DATA SUPPLIED:
:::

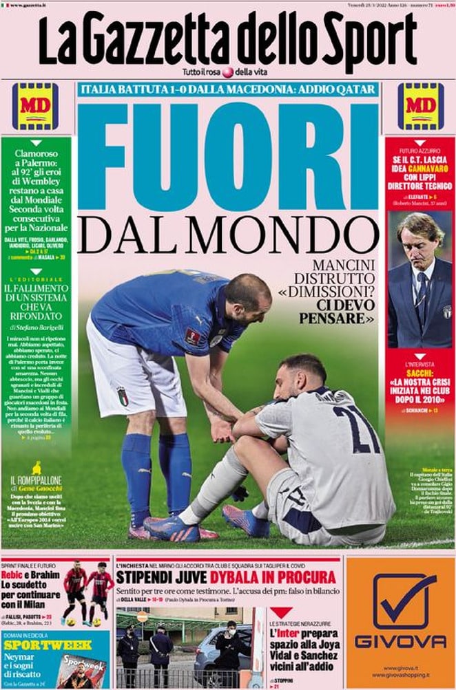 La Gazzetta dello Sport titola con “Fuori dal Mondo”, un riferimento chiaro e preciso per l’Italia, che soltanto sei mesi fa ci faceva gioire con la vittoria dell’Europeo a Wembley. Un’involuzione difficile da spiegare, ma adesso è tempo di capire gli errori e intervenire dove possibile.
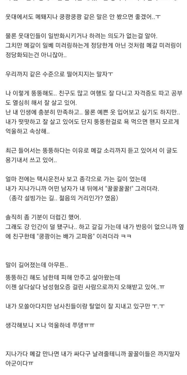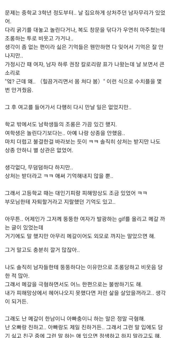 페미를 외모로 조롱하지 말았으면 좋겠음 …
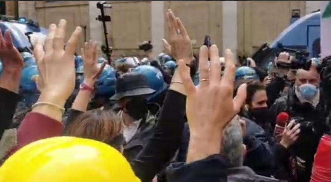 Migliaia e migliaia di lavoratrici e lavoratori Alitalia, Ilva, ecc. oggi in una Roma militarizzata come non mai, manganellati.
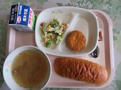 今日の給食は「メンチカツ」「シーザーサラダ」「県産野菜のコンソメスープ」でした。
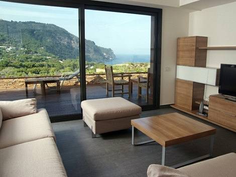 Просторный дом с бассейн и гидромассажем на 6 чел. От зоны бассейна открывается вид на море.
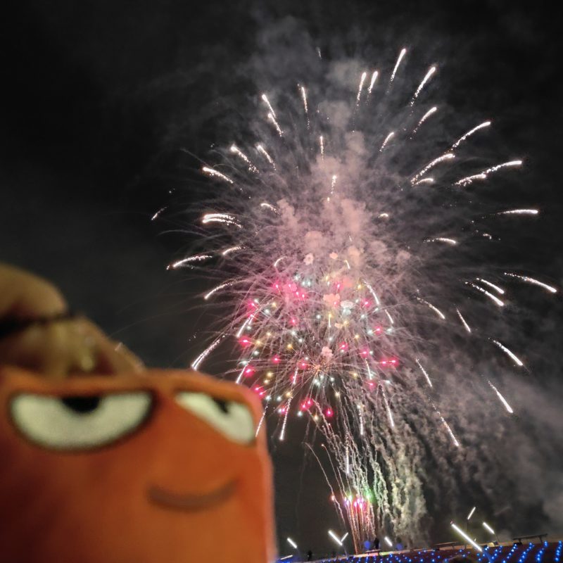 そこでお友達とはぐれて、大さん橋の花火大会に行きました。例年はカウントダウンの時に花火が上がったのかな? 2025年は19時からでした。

:::

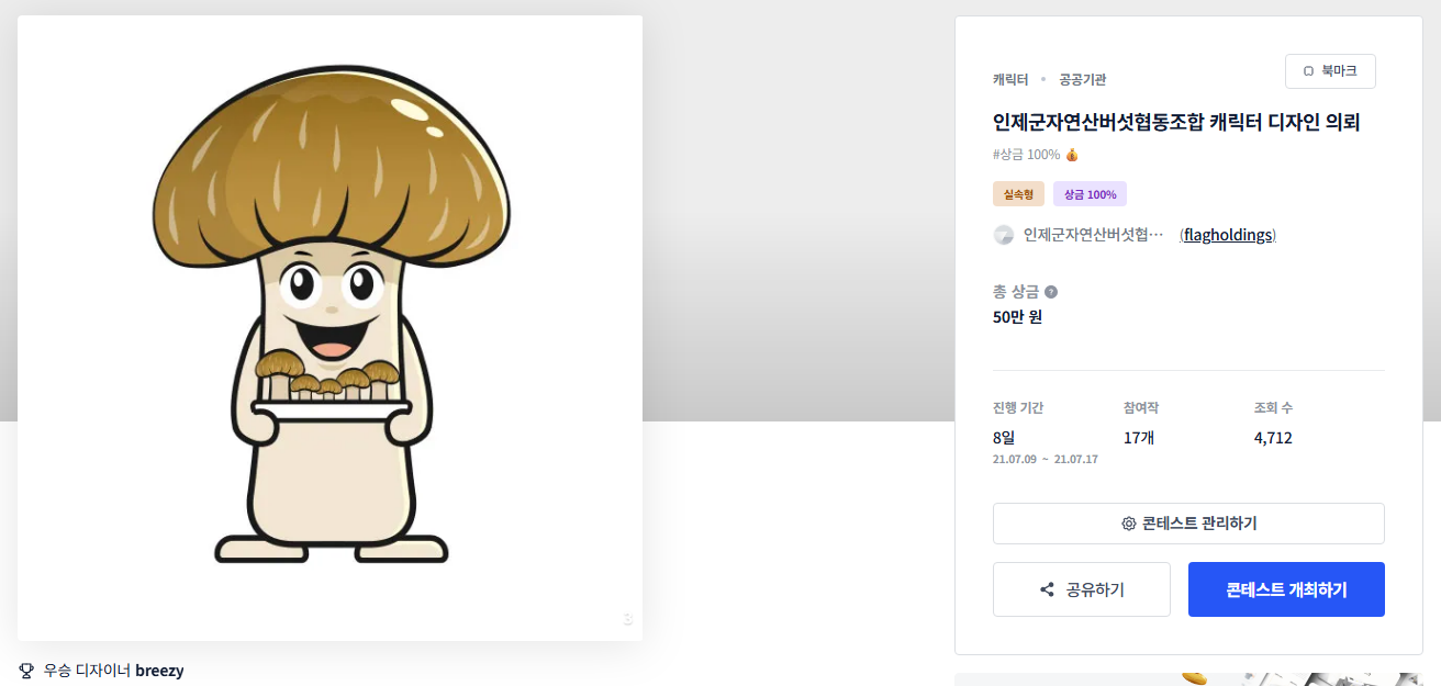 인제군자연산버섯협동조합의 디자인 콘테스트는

:::

EXERCISE DIRECTIONS:
Look above for the line with "Migliaia e migliaia" and the line with "そこでお友達とはぐれて、大さ". Copy them and every line between, exactly, but no pictures.

REPLY:
 Migliaia e migliaia di lavoratrici e lavoratori Alitalia, Ilva, ecc. oggi in una Roma militarizzata come non mai, manganellati.
 今日の給食は「メンチカツ」「シーザーサラダ」「県産野菜のコンソメスープ」でした。
 Просторный дом с бассейн и гидромассажем на 6 чел. От зоны бассейна открывается вид на море.
 そこでお友達とはぐれて、大さん橋の花火大会に行きました。例年はカウントダウンの時に花火が上がったのかな? 2025年は19時からでした。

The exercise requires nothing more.